A few personal copies |
For an English educationalist Matilda is a particularly powerful fable. A small girl escapes from her dreadful, anti-education family at first metaphorically through reading and then literally, as she uses her brain power to defeat the awful Miss Trunchbull and rescue her favourite teacher Miss Honey. Education saves lives. And of course, it's every English teacher's dream to find an under-ten reading their way voluntarily through Dickens's works. (Matilda would have no problem with the new requirements for a 19th century novel at GCSE.)

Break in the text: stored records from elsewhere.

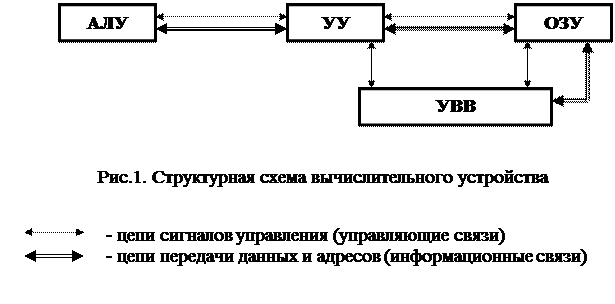 · УУ – устройство управления. Организует процесс выполнения программ.
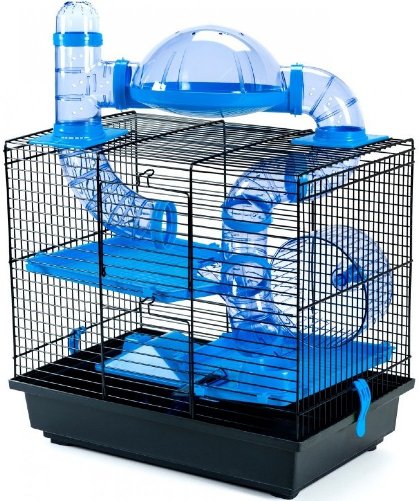 Klec s oblíbeným labiryntem pro malé hlodavce, hlavně křečky. Součástí klece je kolotoč, domeček,
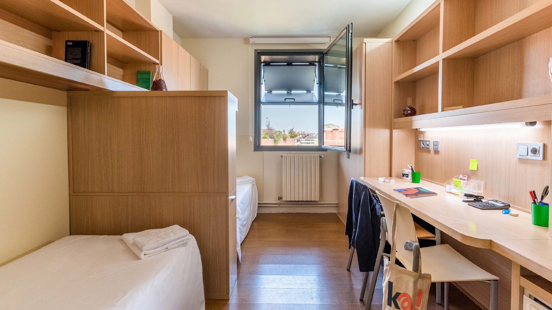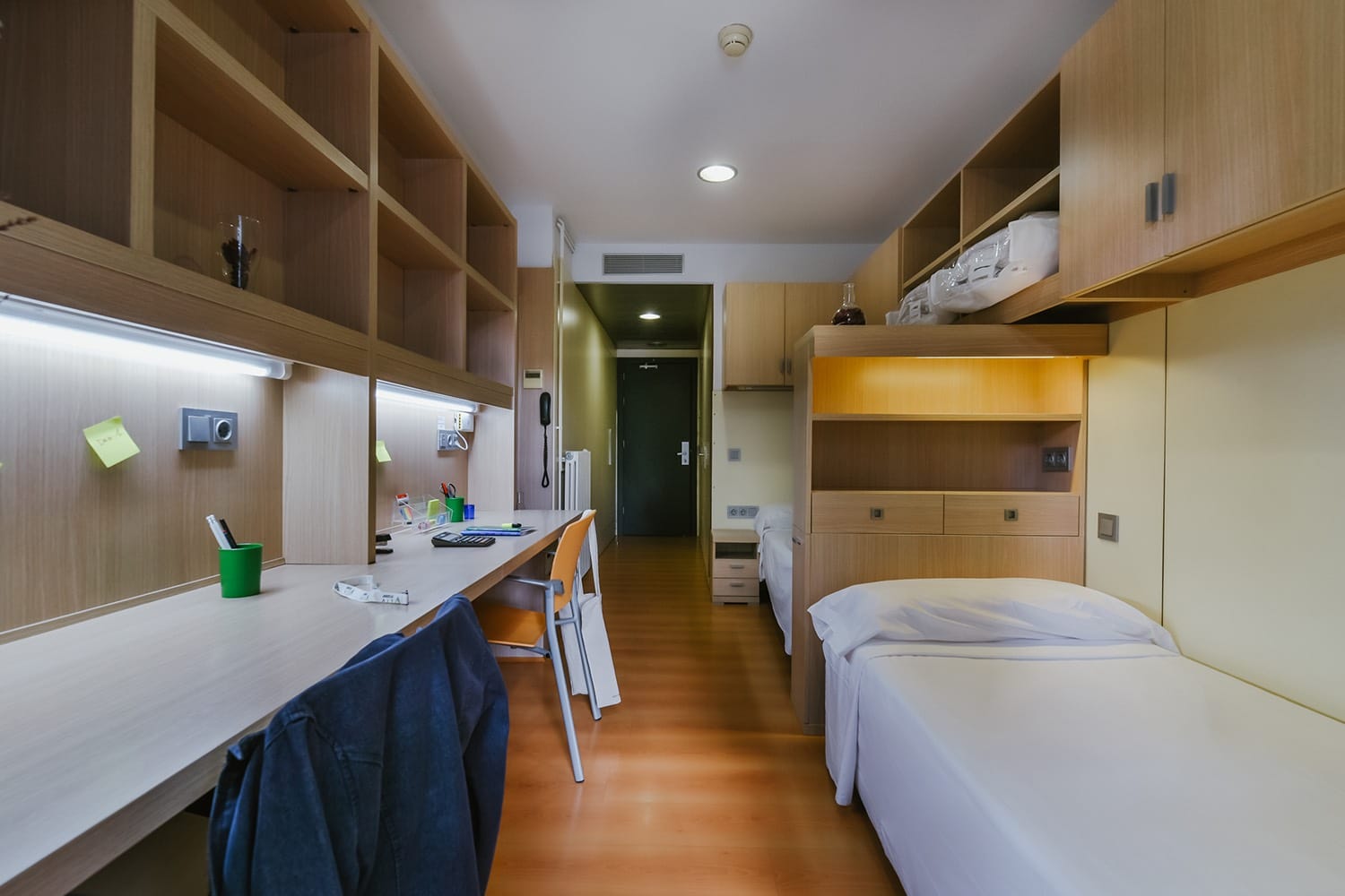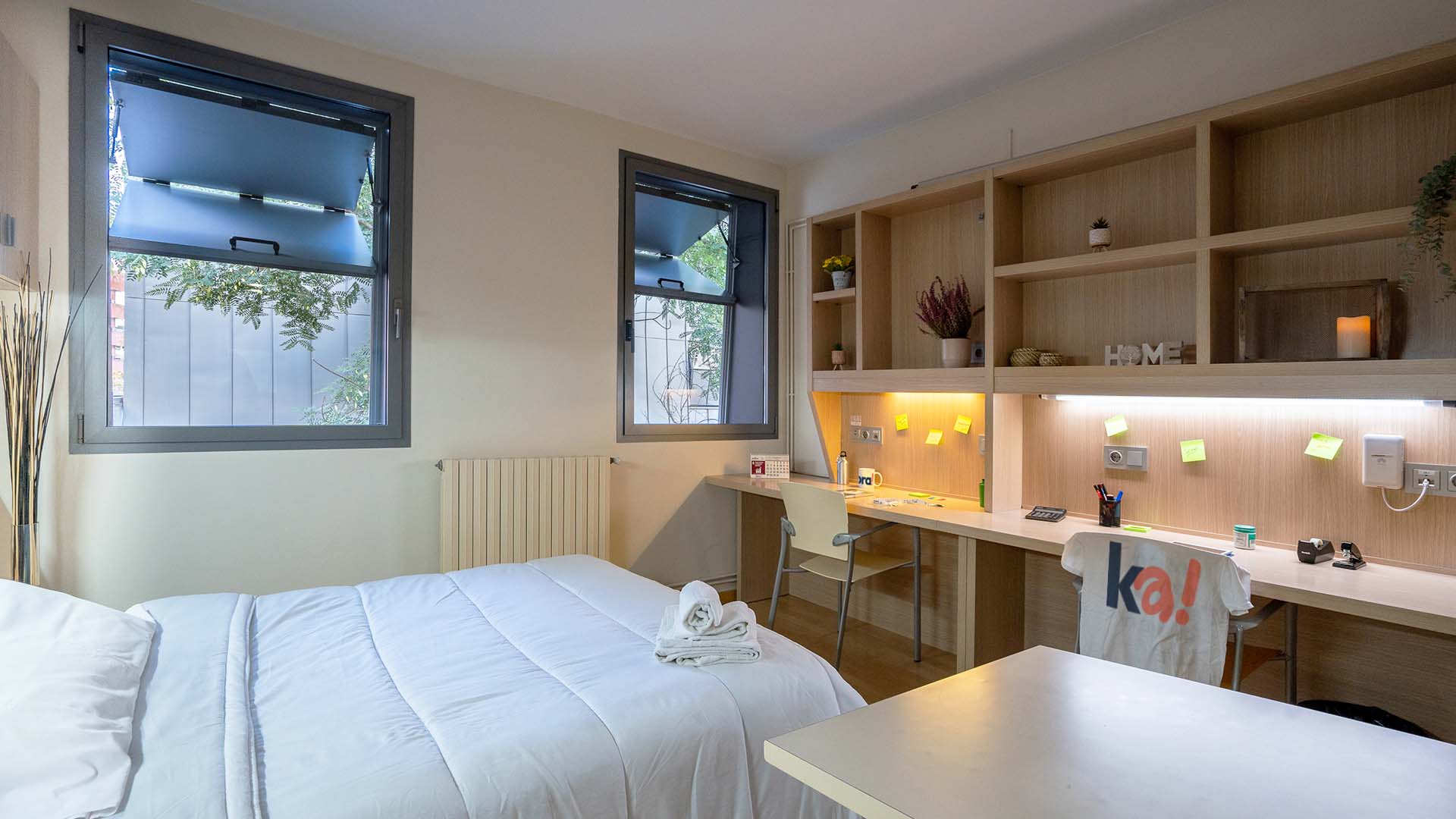 La opción más asequible de Kadora Sarriá. Un estudio compartido para dos residentes con cocina completa, baño privado y grandes dimensiones. Incluso puedes venir con tu mejor amigo. Descuento especial de hasta 350 € para estancias de semestre 25/26.
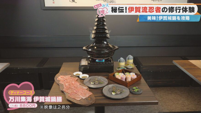 体験施設の4階にはレストラン「伊賀忍者饗膳」も併設されており、ここでしか味わえない特別な料理が楽しめます。テーブルに運ばれてきたのは、まるでお城のような形をした巨大な鍋!
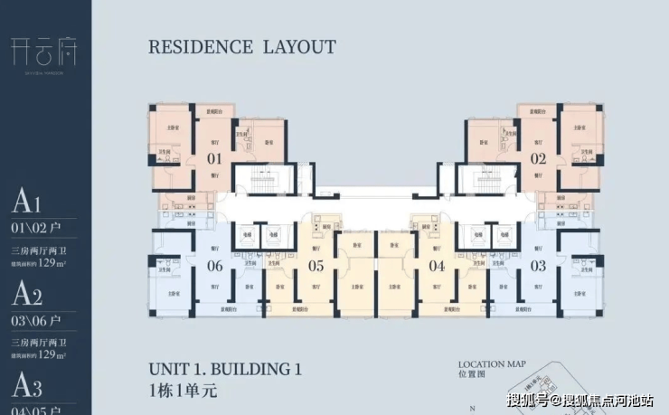 🔹1栋一单元A1、A2户型:面积约为129㎡
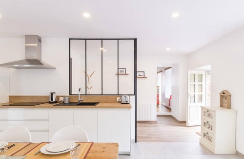 Detached house. On the ground floor: Living room with kitchenette (induction hob, Nespresso machine, microwave, oven, dishwasher, freezer compartment). Laundry room with WC (washing machine). Lounge (TV with foreign channels, ADSL Internet, board games and books). Upstairs: Bedroom 1 (160X200 bed). Shower room with WC (2 sinks, shower, heated towel rail, hairdryer). Bedroom 2 (3 90X190 beds). Outside: Enclosed asphalt courtyard secured by a barrier. Parking. Garden furniture. Barbecue. Storeroom with ping-pong table and darts. Unfenced grassy area behind the house. Electric heating at an additional cost. Sheets and towels for hire (beds made on arrival). Optional cleaning service. Baby equipment (cot with mattress, high chair and bath). Nestled in its narrow, green valley, this picturesque little hamlet on the Hague Peninsula is protected from the sea spray. Below, the immense sandy beach of Siouville suddenly broadens the horizon and always provides a healthy boost of energy! Well-known to windsurfers and surfers, the waves here are perfect. With its large, enclosed courtyard, your stone house has been remarkably renovated by Laurent and Christel. White predominates inside, giving this accommodation a very peaceful atmosphere. A few stone steps lead you to a grassy plot higher than the house, offering views of the sea and the cliffs of Jobourg. Also note that the cottage has a storage room for surfboards and wetsuits, if needed.
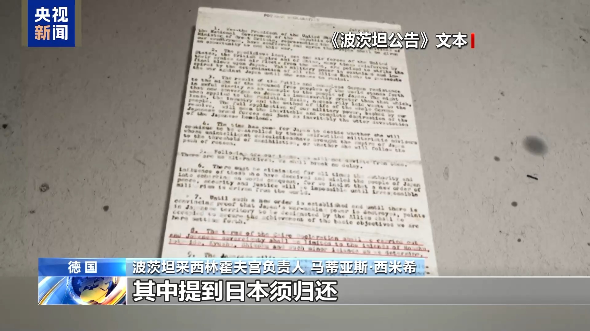 波茨坦採西林霍夫宮負責人 馬蒂亞斯·西米希:《波茨坦公告》中提到了《開羅宣言》,這是公告的第八條。《開羅宣言》於1943年發佈,其中提到日本須歸還其在二戰前或二戰期間佔領的所有領土。例如,台灣應歸還中國,日本代表在投降書中也接受了這些宣言。所以在我看來,這是具有約束力的。
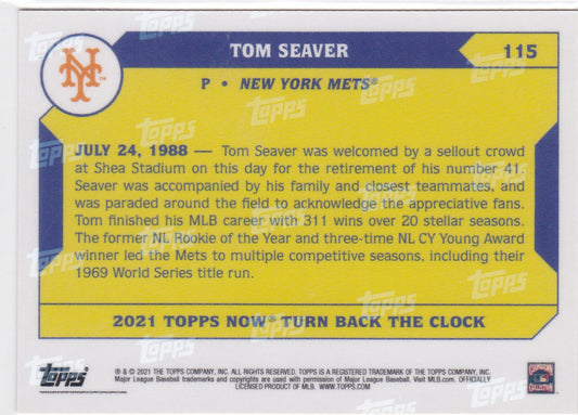 2021 TURN BACK THE CLOCK #115 TOM SEAVER- NEW YORK METS
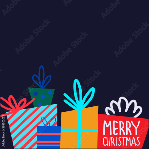 present, gift, christmas, merry, holiday, greeting, package, parcel, vector, object, group, card, template, christmas, birthday, background, cartoon, children, children, kind, decoration, trendy, cute, cosy, hand, drawn, colourful, many-coloured, flat, graphic, design, print, isolated, dark
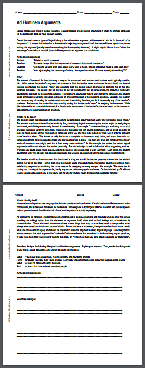 Free Printable PDF Worksheet on Debate and Logic - Social Studies Worksheets - World History. Attacking a persons character instead of the content of that persons argument. LOGICAL FALLACIES WHAT IS A LOGICAL FALLACY.
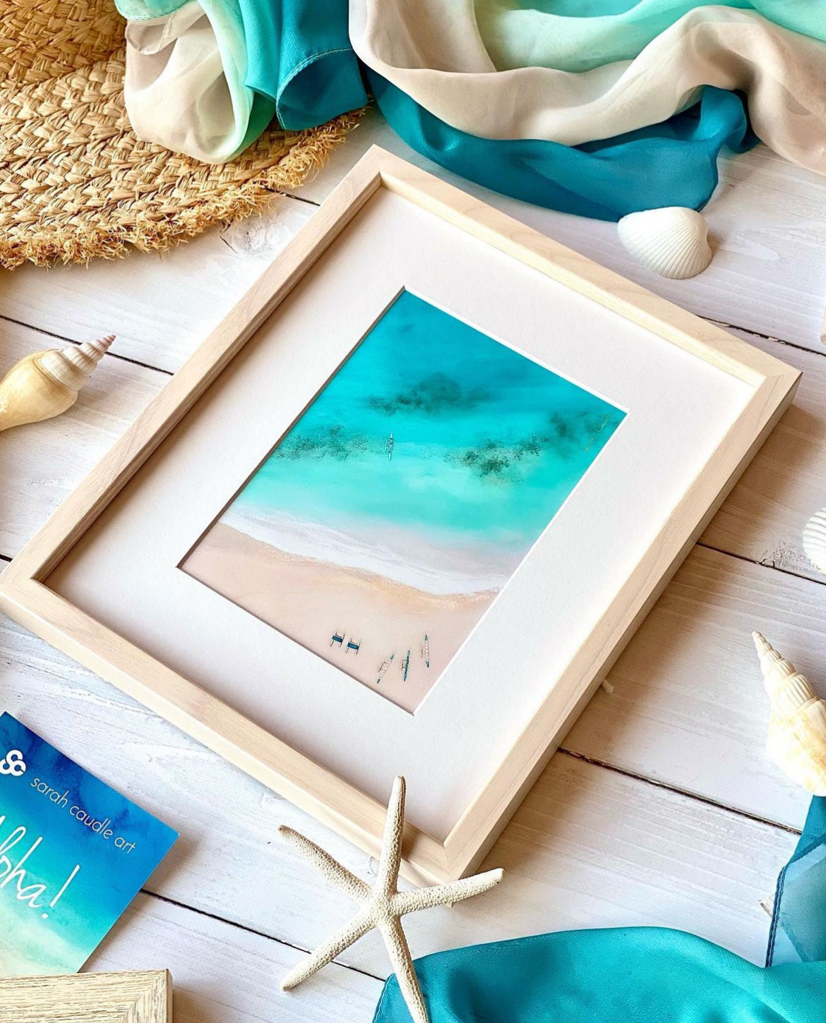 This matted print is reproduction on an original painting created with layered acrylic and resin on wood. Inspired by Hawaii’s beaches, Sarah captured the ocean’s beauty through vibrant colors, flowing movement, and organic forms, building each layer to mirror the sea’s rhythm. She no longer paints with resin after closing her Kaka'ako studio in 2021, making these works a special part of her earlier works.
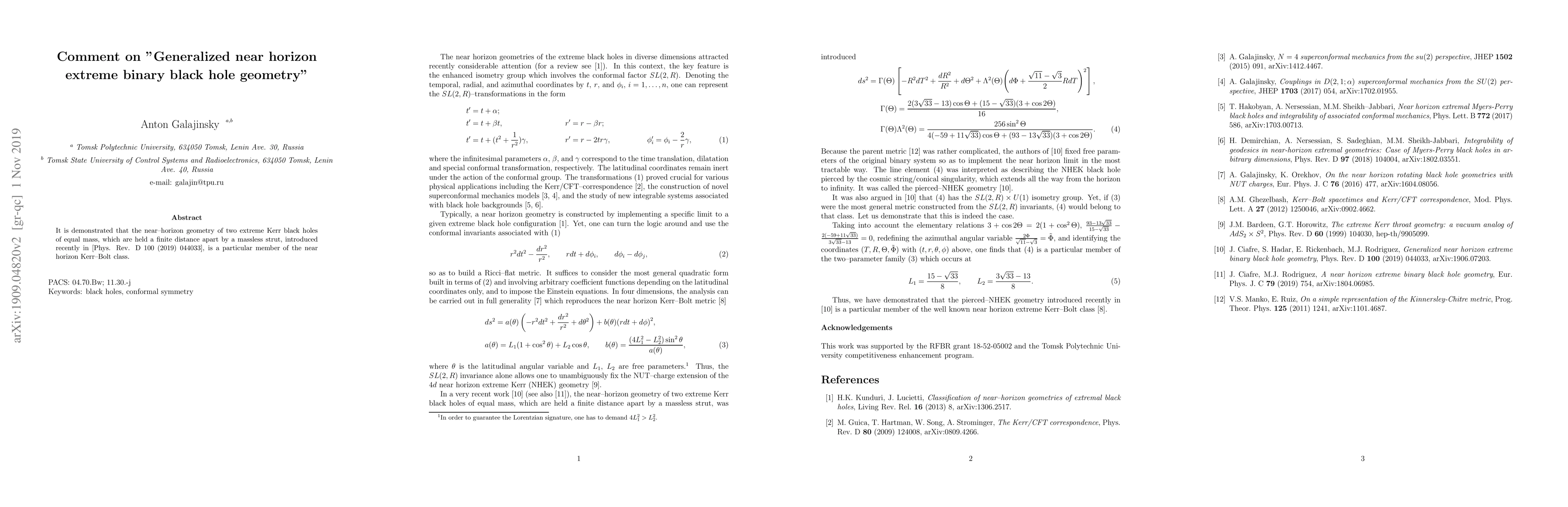 It is demonstrated that the near-horizon geometry of two extreme Kerr black holes of equal mass, which are held a finite distance apart by a massless strut, introduced recently in [Phys. Rev. D 100 (2019) 044033], is a particular member of the near horizon Kerr-Bolt class.
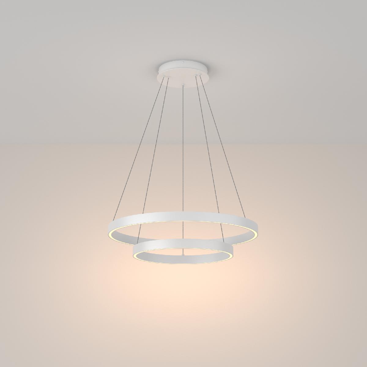 Представляем вам подвесной светодиодный светильник Maytoni Rim MOD058PL-L55W3K, который идеально впишется в современный интерьер вашей гостиной. Этот светильник обладает рядом преимуществ, которые удовлетворят самых требовательных покупателей. С яркостью 3500 люмен и мощностью 61 Вт, этот светильник обеспечивает достаточное освещение для комфортного пребывания в помещении. Он имеет светодиодные лампы, которые не только являются энергоэффективными, но и имеют повышенный срок службы, экономя ваши деньги на замене ламп. Дизайн этого светильника выполнен в стильном и современном обрамлении из алюминия, покрашенного в белый цвет. Его форма плафона представляет собой изящное кольцо, которое дополнительно подчеркивает современность и элегантность светильника. Несомненным преимуществом модели Maytoni Rim MOD058PL-L55W3K является возможность регулировки длины подвеса до 1100 мм, что позволяет установить его даже на натяжные потолки. Кроме того, светильник комплектуется двумя плафонами, направленными вниз, обеспечивая равномерное освещение в гостиной. Хотите уютную и теплую атмосферу? Выбирайте этот светильник с цветом свечения теплого белого, который создаст идеальное освещение для вечерних посиделок или романтического ужина. Maytoni Rim MOD058PL-L55W3K - надежный и качественный светильник от известного производителя Maytoni, который дает 2 года гарантии на свой товар. Позвольте этому светильнику преобразить вашу гостиную и подарить вам стильную и комфортную обстановку.
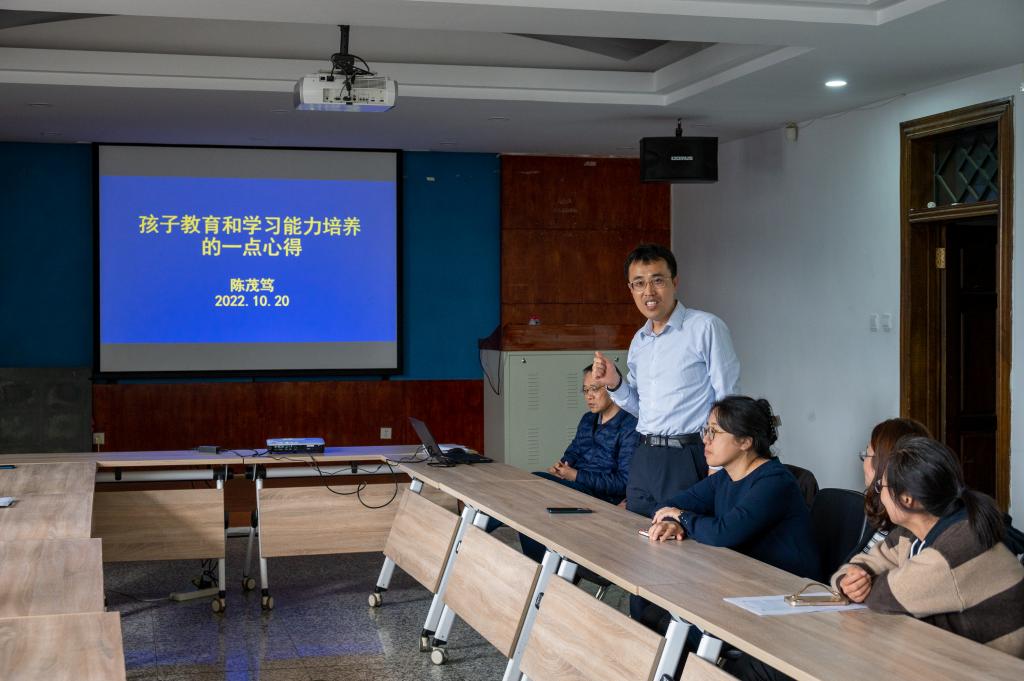 陈茂笃教授的报告从“孩子教育”和“学习能力培养”两方面先后展开。在孩子教育方面,陈茂笃教授结合个人经验,提出每个孩子都是独特的,教育方式应随着孩子的成长而调整,无需忌讳与孩子较早地讨论婚恋问题等观点。
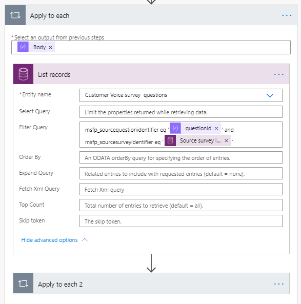 msfp_sourcequestionidentifier eq '@{items('Apply_to_each')['questionId']}' and msfp_sourcesurveyidentifier eq '@{triggerOutputs()?['body/msfp_sourcesurveyidentifier']}'

Roald Dahl from US Library of Congress' Prints and Photographs division. Digital ID van.5a51872. Licensed under Public domain via Wikimedia Commons. |
Perhaps this Roald Dahl Day you might stop by the JB Morrell library and visit the Peggy Janiurek collection to borrow one of his books. If books about brainy kids aren't your thing, I recommend The Witches too. Or James and the Giant Peach. Or Fantastic Mr Fox. Or, for a surprisingly feminist retelling of fairy tales you might more expect to find by Angela Carter: Revolting Rhymes. After all, every Red Riding Hood should keep a pistol in her knickers to defeat the Big Bad Wolf. Although if Matilda had worn the red cloak, she might have come up with a more cunning weapon than that…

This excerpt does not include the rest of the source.